Your task -> Without the pictures, set down everything in the listing exactly.
Start of Collected data
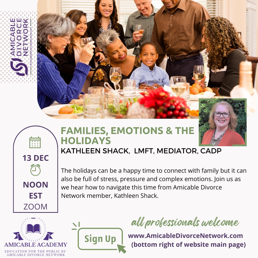 Kathleen Shack is an experienced Licensed Marriage and Family Therapist, Certified Gottman Couples Therapist, Certified Discernment Counselor, Collaborative Divorce Coach, Child Specialist, Certified Amicable Divorce Professional (CADP) and Registered Divorce Mediator. She is the Founder and CEO of Family Solutions Counseling, LLC.She has over 20 years of experience working with couples, families, individuals, divorced families, blended families, same-sex couples and families, and children. Join us for this presentation on Families, Emotions & the Holidays. The holidays can be a tough time for anyone with stress, pressure and family dynamics. Join us for this Amicable Divorce Network presentation. This event is open to all professionals.Images
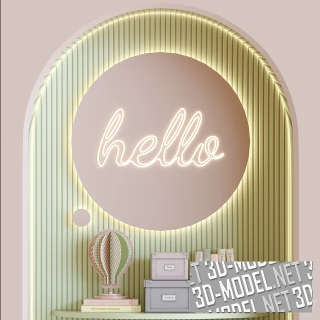 В правой части мебельного блока обустроена арочная ниша с отделкой из светло-салатовой вертикальной наборки мелкой рейкой. В арке смонтирован нюдовый консольный стол с выдвижным ящиком, пара салатовых книжных полок и круглое панно со скрытой подсветкой и светящейся надписью «hello».
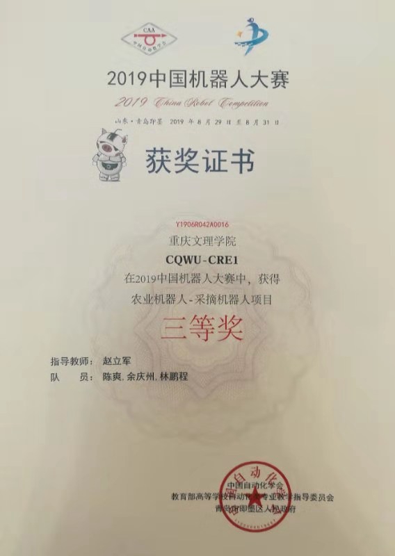 mansion88主页创新创业办主任赵立军高级工程师、实训中心李文江高级实验师率领两个学生团队参加了“农业机器人”项目比赛。经过激励的角逐,最终李文江高级实验师指导的、2017机械工程李林杰、陈小松、王灯团队力克西北农林科技大学、中国农业大学、南京农业大学等985、211高校参赛团队获得本次大赛农业机器人-采摘机器人项目冠军(一等奖);赵立军高级工程师指导的,2017级机器人工程陈爽、2017级机械工程余庆洲、2018级机械工程林鹏程团队获得本次大赛农业机器人-采摘机器人项目三等奖。
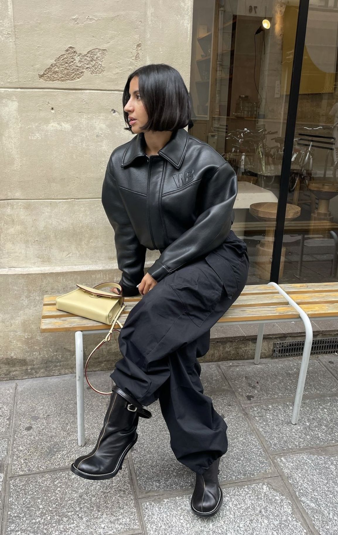 VIntage Goosecraft black leather + cow skin UPCYCLED jacket S- by SESE
End of Collected data
Your solution ->
 Kathleen Shack is an experienced Licensed Marriage and Family Therapist, Certified Gottman Couples Therapist, Certified Discernment Counselor, Collaborative Divorce Coach, Child Specialist, Certified Amicable Divorce Professional (CADP) and Registered Divorce Mediator. She is the Founder and CEO of Family Solutions Counseling, LLC.She has over 20 years of experience working with couples, families, individuals, divorced families, blended families, same-sex couples and families, and children. Join us for this presentation on Families, Emotions & the Holidays. The holidays can be a tough time for anyone with stress, pressure and family dynamics. Join us for this Amicable Divorce Network presentation. This event is open to all professionals.Images
 В правой части мебельного блока обустроена арочная ниша с отделкой из светло-салатовой вертикальной наборки мелкой рейкой. В арке смонтирован нюдовый консольный стол с выдвижным ящиком, пара салатовых книжных полок и круглое панно со скрытой подсветкой и светящейся надписью «hello».
 mansion88主页创新创业办主任赵立军高级工程师、实训中心李文江高级实验师率领两个学生团队参加了“农业机器人”项目比赛。经过激励的角逐,最终李文江高级实验师指导的、2017机械工程李林杰、陈小松、王灯团队力克西北农林科技大学、中国农业大学、南京农业大学等985、211高校参赛团队获得本次大赛农业机器人-采摘机器人项目冠军(一等奖);赵立军高级工程师指导的,2017级机器人工程陈爽、2017级机械工程余庆洲、2018级机械工程林鹏程团队获得本次大赛农业机器人-采摘机器人项目三等奖。
 VIntage Goosecraft black leather + cow skin UPCYCLED jacket S- by SESE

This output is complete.